Willingness to pay and accept
As a proxy for resource allocation, one could also simply survey the measures of willingness to pay (WTP) and willingness to accept (WTA), as is common, for example, in environmental policy [24]. However, behavioral scientists cast serious doubt on the validity of such approaches, arguing that the responses may reflect attitudes, but do not represent true willingness to pay [25]. A prominent concern is that of framing, where responses depend on the way the question was posed. The distinction often hinges on WTP (as in “how much would you be willing to pay to avoid unpleasant situation X”) versus WTA (as in “how much would you need to be paid before you would accept unpleasant situation X”). Answers differ greatly in these issues depending on the framing: whether or not the object is currently owned, and is available or not.

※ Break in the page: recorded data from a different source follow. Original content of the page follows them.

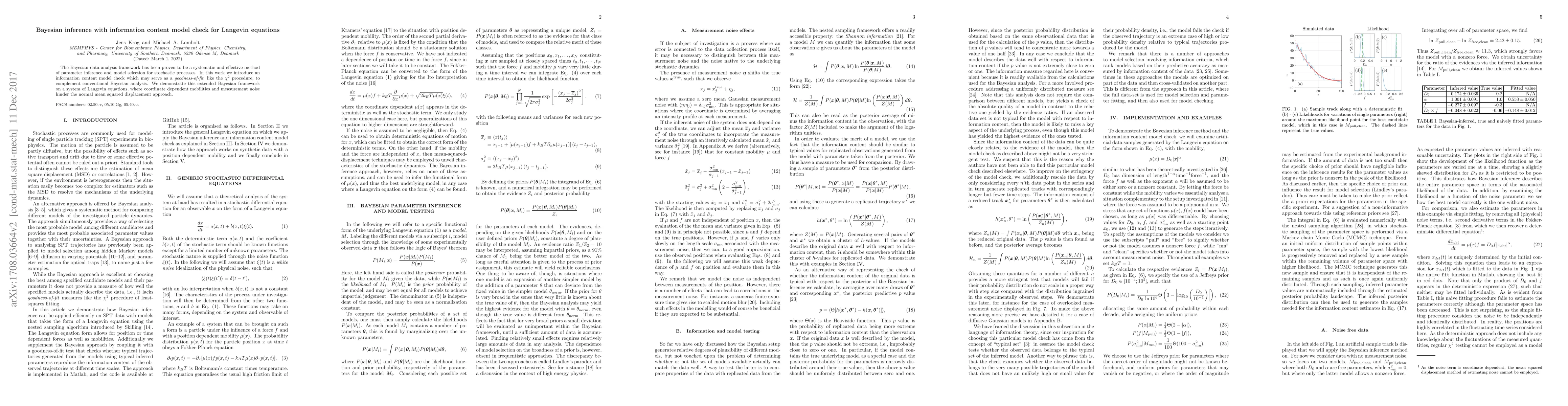 The research introduces an information content model check, complementing conventional Bayesian analysis for parameter inference and model selection in stochastic processes, specifically demonstrated on a system of Langevin equations.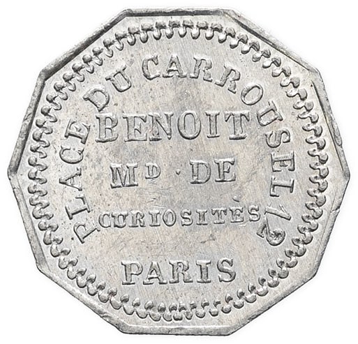 - Louis-Philippe Ier (1830-1848). Jeton publicitaire de Benoit marchand de curiosités, à l’effigie de Ferdinand-Philippe duc d’Orléans ND.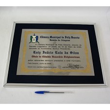 TÍTULO DE CIDADÃO HONORÁRIO FELIZDESERTENSE. PLACA EM AÇO ESCOVADO (23,5X31 CM) CONTENDO A INSCRIÇÃO 'A CÂMARA MUNICIPAL DE FELIZ DESERTO, ATRAVÉS DO DECRETO LEGISLATIVO Nº 20/06, DE 15 DE MAIO DE 2006, CONCEDE AO ILUSTRÍSSIMO SENHOR PRESIDENTE / LUIZ INÁCIO LULA DA SILVA / TÍTULO DE CIDADÃO HONORÁRIO FELIZDESERTENSE / PELOS RELEVANTES SERVIÇOS PRESTADOS A ESTE MUNICÍPIO. FELIZ DESERTO, JUNHO DE 2006. VEREADOR AUTOR: JOSÉ HARRY GUEDES SANTOS JÚNIOR / PRESIDENTE'. POSSUI BRASÃO DO MUNICÍPIO. FIXADA EM QUADRO (33X40,5 CM) COM MOLDURA DE ALUMÍNIO E PASSE-PARTOUT EM VELUDO AZUL MARINHO.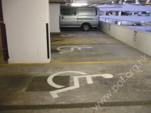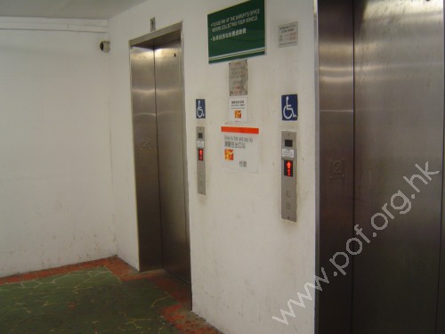 連接停車場1至3樓與5樓層街市及熟食中心,通道是寬闊平坦無障礙的3樓層升降機通道,往來停車場4樓層,前設有1個障殘人士專用泊車位,共有兩部升降機並排,無觸覺引路徑,升降機門旁按鈕上方設有白色圖案藍色底色國燄暢通易達標誌,標示是無障礙設施.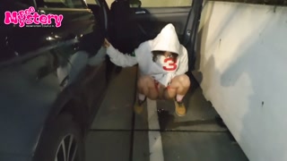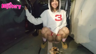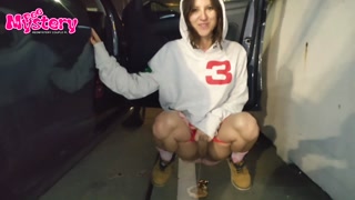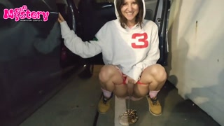 Crazy college girl pees in the parking lot of the store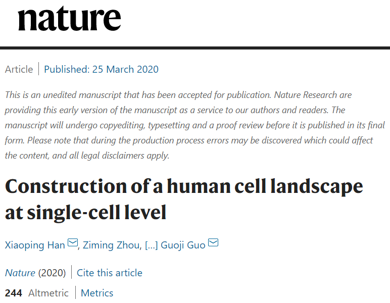 北京时间 3 月 26 日,《自然》在线发表了浙江大学医学院郭国骥团队题为“Construction of a Human Cell Landscape at Single-cell Level”的重磅论文,描述了首个人类细胞图谱,描述了人体主要器官的细胞类型构成。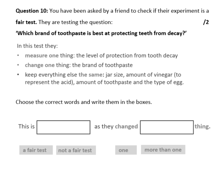 Teachers give progress tests at the end of every second lesson. At the end of the unit, students complete two assessments: Science Understanding and Science Inquiry Skills.

A review comparing numerous WTA and WTP studies on the same economic area (e.g., health, environmental) concluded that WTA values regularly exceed WTP values, the gap highest for non-market goods. The authors of this summary concluded that the less the good is like an ordinary market good—that is, it cannot be readily be bought and sold—the higher the ratio [26]. They reported a typical WTA/WTP ratio of 7.2 for analyses carried out in a number of different subject areas (including health, environmental, water resources and others). A more recent review found a WTA/WTP ratio of 5.1 for goods involving health and safety [27]. These results appear to show that WTA studies—such as those involving wage premiums for risky occupations—severely overstate the more desirable measure of willingness to pay. If so, then relying on these WTA measures instead of agreed-upon cost per QALY measures would be inappropriate.
Since “health” is perhaps the quintessential non-market good, one might expect the WTA/WTA ratios for the value of life and life years to possibly be significantly higher than for typical market goods. However, some proponents of the use of labor force studies (wage differentials for risky occupations) to measure value of life argue that the gap is not nearly so large as this literature suggests, if properly interpreted, thus seeking to restore confidence in the large value of life measures found in the health and safety literature [28].